NEW imaging research shows that women in their 60s carry a higher burden of Alzheimer’s pathology than men, despite retaining better brain structure. This apparent dissociation between pathology and neurodegeneration could help explain why women often present with symptoms later despite higher underlying disease burden.
Sex Differences in Alzheimer’s Disease Biomarkers in Midlife
Alzheimer’s disease biomarkers are increasingly used to detect early pathological changes before cognitive symptoms appear. However, much of the existing evidence is based on older or less diverse populations. Understanding whether biological sex influences these biomarkers earlier in life could improve risk stratification and inform more personalised approaches to dementia prevention.
Researchers addressed this gap by examining adults aged 60 to 69 years without cognitive impairment from a racially and ethnically diverse, community-based cohort in New York City. The focus was on whether Alzheimer’s disease biomarkers differed between women and men during the seventh decade of life, independent of known genetic and vascular risk factors.
Imaging Results Reveal Diverging Alzheimer’s Disease Biomarkers
The cross-sectional study included 503 participants with a mean age of 64.6 years, of whom 63.8% were women. Using PET and MRI imaging, investigators assessed amyloid burden, tau deposition across Braak stages I to VI, cortical thickness in Alzheimer’s signature regions, and white matter hyperintensity volumes.

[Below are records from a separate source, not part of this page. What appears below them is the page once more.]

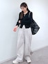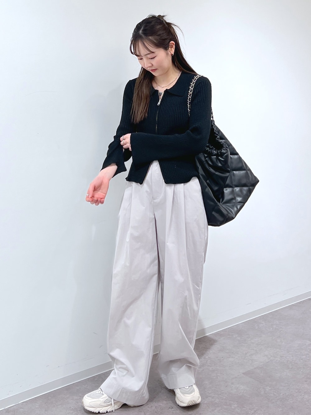 ニット(ブラック/FR) 全ジップなので 羽織としても着用可能です! 丈感は腰上あたりです パンツ(グレー/M) ゆとりがあるルーズパンツです! シャカシャカとした夏まできやすい軽い素材です!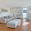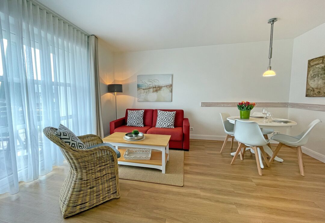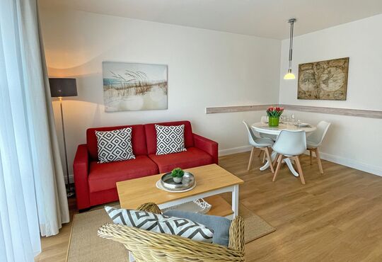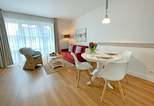 Wohnraum mit Kabel-TV, Radio-/CD-Player, Internetzugang. Westbalkon mit Tisch und Stühlen.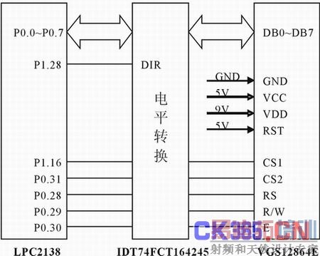 VGS12864E使用两片列驱动控制器,内嵌64×64显示数据RAM,RAM中每位数据对应屏上一个点的亮、暗,每个半屏都被分成了按行的八页,因为每个字节的数据按低位(LSB)在上,高位(MSB)在下的结构排列,所以在提取字库的时候,需要设置取字模的方式为:纵向取模,字节倒序。它与LPC2138的连接如图2所示。ARM和OLED之间需要加电平转换芯片,本设计采用16位双向电平转换芯片IDT74FCT164245,另外进行电平转换时需要进行方向控制(图2中DIR即为方向控制脚)。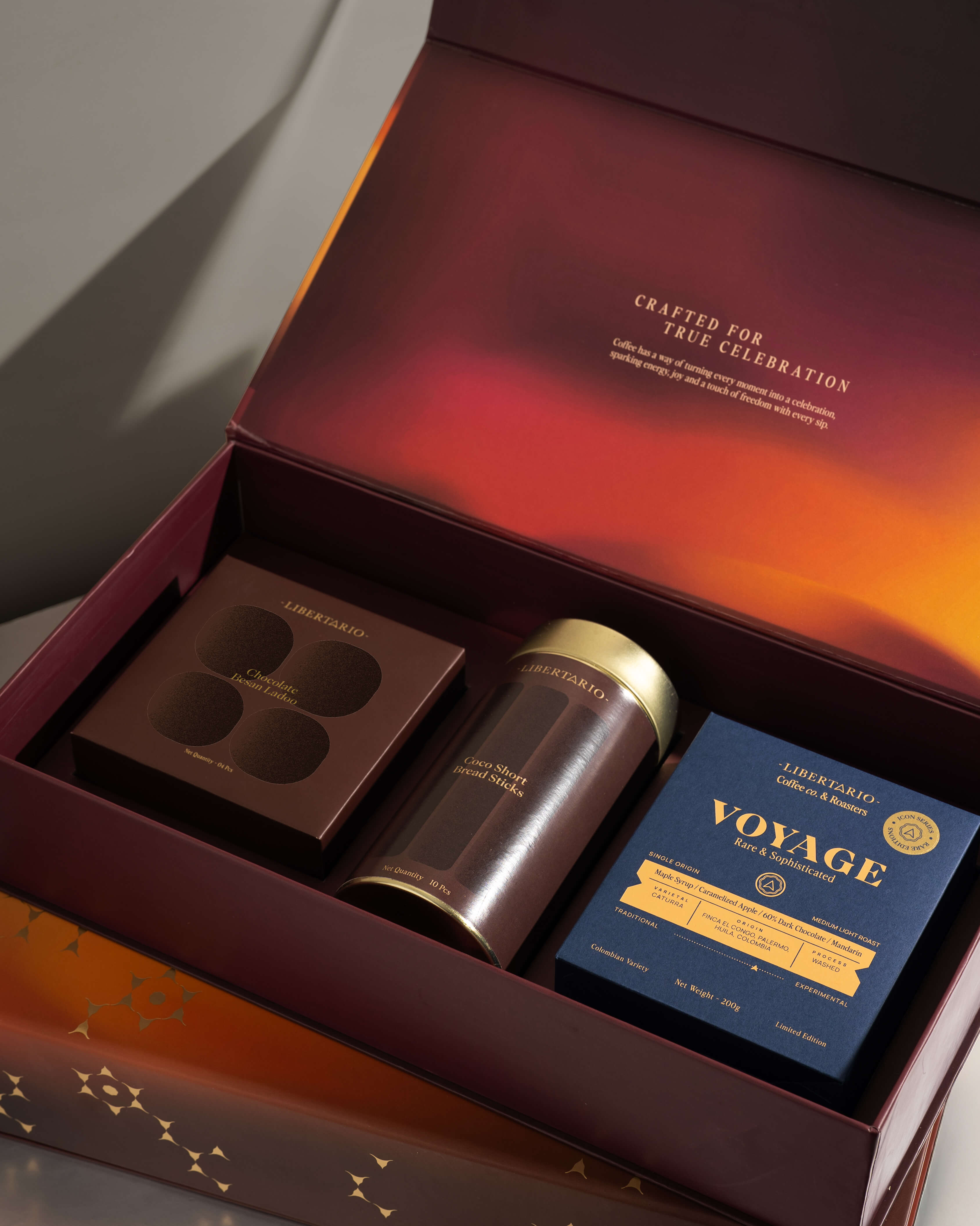 This box contains: 200gm Voyage Single Origin, 10 choco breadsticks, and 4 chocolate besan ladoos.

Women demonstrated significantly greater amyloid burden than men, with B = 0.05 (95% CI, 0.02-0.07; P < .001). Tau burden was also higher in women across Braak stages III and IV (B = 0.05; 95% CI, 0.02-0.08; P = .003) and Braak stages V and VI (B = 0.09; 95% CI, 0.06-0.12; P < .001). Despite this increased pathology, women showed greater cortical thickness in Alzheimer’s signature regions (B = 0.04; 95% CI, 0.02-0.05; P < .001). Notably, sex differences in tau burden were more pronounced among APOE ε4 carriers, particularly in early to middle Braak stages. All results remained significant after false discovery rate correction.
Clinical Implications and Future Directions
These findings suggest that women may accumulate Alzheimer’s disease biomarkers earlier or more extensively than men, while also demonstrating greater structural brain resilience. For clinical practice, the results highlight the importance of considering sex-specific trajectories when interpreting Alzheimer’s disease biomarkers, particularly in midlife populations and genetic risk carriers. Future longitudinal studies are needed to determine how these differences influence symptom onset, progression, and response to emerging disease-modifying therapies.
Reference
Akinci M et al. Sex differences in Alzheimer disease imaging biomarkers in a diverse, community-based cohort. JAMA Netw Open. 2026;9(1):e2554524.